Mayotte traverse une crise multidimensionnelle qui frappe de plein fouet les enfants : avec un taux de mortalité infantile de 8,9 ‰, soit plus du double de la moyenne hexagonale, et alors que près de 80 % d’entre eux vivent sous le seuil de pauvreté, la situation exige une action immédiate. Les conditions de vie se dégradent face à des taux alarmants de malnutrition, un accès aux soins défaillant et un habitat largement insalubre. Cette précarité s’aggrave encore avec l’absence de solutions de relogement pour les familles sinistrées, contraintes de reconstruire des abris de fortune qui les exposent à des conditions sanitaires déplorables et aux risques croissants des catastrophes climatiques.
Sur le territoire, les structures d’accueil pour la petite enfance sont quasi inexistantes, tout comme les activités périscolaires, tandis que près de 9 500 enfants se voient privés d’école, faute d’infrastructures suffisantes et en raison d’obstacles persistants à la scolarisation des enfants étrangers. Cette défaillance systémique fragilise particulièrement les familles monoparentales et met en tension l’ensemble du système de protection de l’enfance, alors que les services de prévention, gravement sous-financés, peinent déjà à assurer leur mission.
Dans ce contexte extrêmement critique, la situation est particulièrement alarmante pour les enfants étrangers et/ou en situation de migration, dont les droits fondamentaux sont systématiquement bafoués. Alors que la situation de précarité extrême renforce le repli sur soi, la discrimination envers les étrangers s’installe durablement, entravant la libre circulation de milliers d’enfants et privant toute une génération de perspectives. Cette rupture d’égalité compromet les chances de développement et d’épanouissement de ces enfants, mais elle hypothèque aussi l’avenir même du territoire.
Un impératif moral
En vertu de la Convention internationale des droits de l’enfant, refonder Mayotte exige de placer les enfants au cœur du projet, tant pour les protéger que pour reconnaître leur rôle essentiel dans le changement. Or, le projet de loi de programmation, dans sa forme actuelle, fait l’impasse sur leurs besoins spécifiques. Garantir un accès inconditionnel à l’éducation, à la santé, à une protection adaptée et à un environnement sain constitue à la fois un impératif moral et une condition indispensable pour l’avenir de l’île.

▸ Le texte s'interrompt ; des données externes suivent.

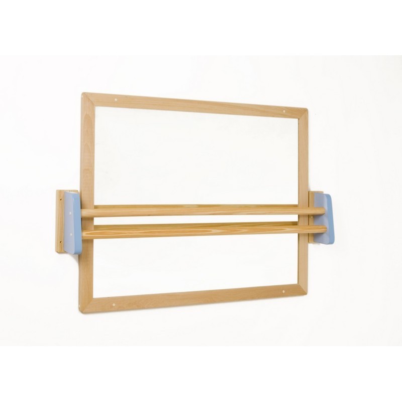 Espejo de visrio con lámina adhesiva de seguridad, garantizando de esta manera que no haya desprendimientos en caso de rotura. Embutido en tablero bilaminado de 19 mm de espesor y cantos en PVC de 2 mm. Sistema robusto de fijación a la pared, mediante pasos de taladrado y atornillado.

Si certaines avancées méritent d’être saluées – convergence des droits, fin des classes itinérantes et du système de rotation, création d’un fonds périscolaire – plusieurs dispositions du texte soulèvent de vives inquiétudes au regard des droits de l’enfant et des recommandations du Comité des Nations unies.
Ainsi de la création prévue d’unités familiales qui, sous couvert d’alternative, ne font que perpétuer une logique d’enfermement des familles avec enfants, alors que la fin de l’enfermement administratif des enfants était initialement prévue en 2027. De même, la fin du droit inconditionnel à une proposition de relogement dans le cadre de la politique de destruction des habitations précaires signe l’augmentation massive du phénomène d’enfants à la rue.
Combler les lacunes
Face à l’urgence de la situation, les parlementaires portent une responsabilité historique : celle de combler les lacunes d’un texte qui néglige l’enfance dans la refondation de Mayotte. Il est impératif que les pouvoirs publics y intègrent une approche fondée sur les droits de l’enfant dans toutes leurs politiques – justice, logement, santé, éducation, protection. Cette exigence n’est pas optionnelle : elle constitue une obligation juridique qui engage la France.
L’Unicef France est prêt à accompagner institutions, collectivités et acteurs de terrain dans cette mission essentielle. Au-delà des discours sécuritaires et des logiques de tri qui prévalent aujourd’hui, seule une reconnaissance pleine et entière des droits de l’enfant permettra une véritable refondation du département le plus jeune de France.